*TASK REQUIREMENTS:*
Starting at the line that contains "FREP continues to grow", output each line exactly as written through the end of the listing below, but leave out the pictures.

*SUPPLIED MATERIAL:*
· · ·
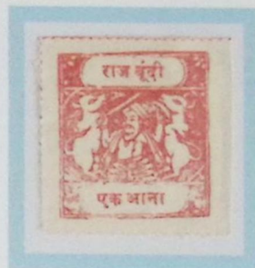
Like SG 38 1 anna orange-red White pelure paper Type C inscription F2 forgery cliché C
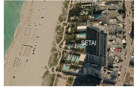
Built in 2001 - 250 units - 39 floors
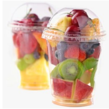
FREP continues to grow
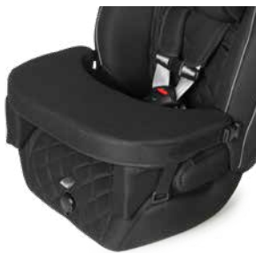
TABLE promotes the straightening up and stable posture of the child, provides the child with all-round support and safety
· · ·
*OUTPUT FOR THIS EXERCISE:*
FREP continues to grow
TABLE promotes the straightening up and stable posture of the child, provides the child with all-round support and safety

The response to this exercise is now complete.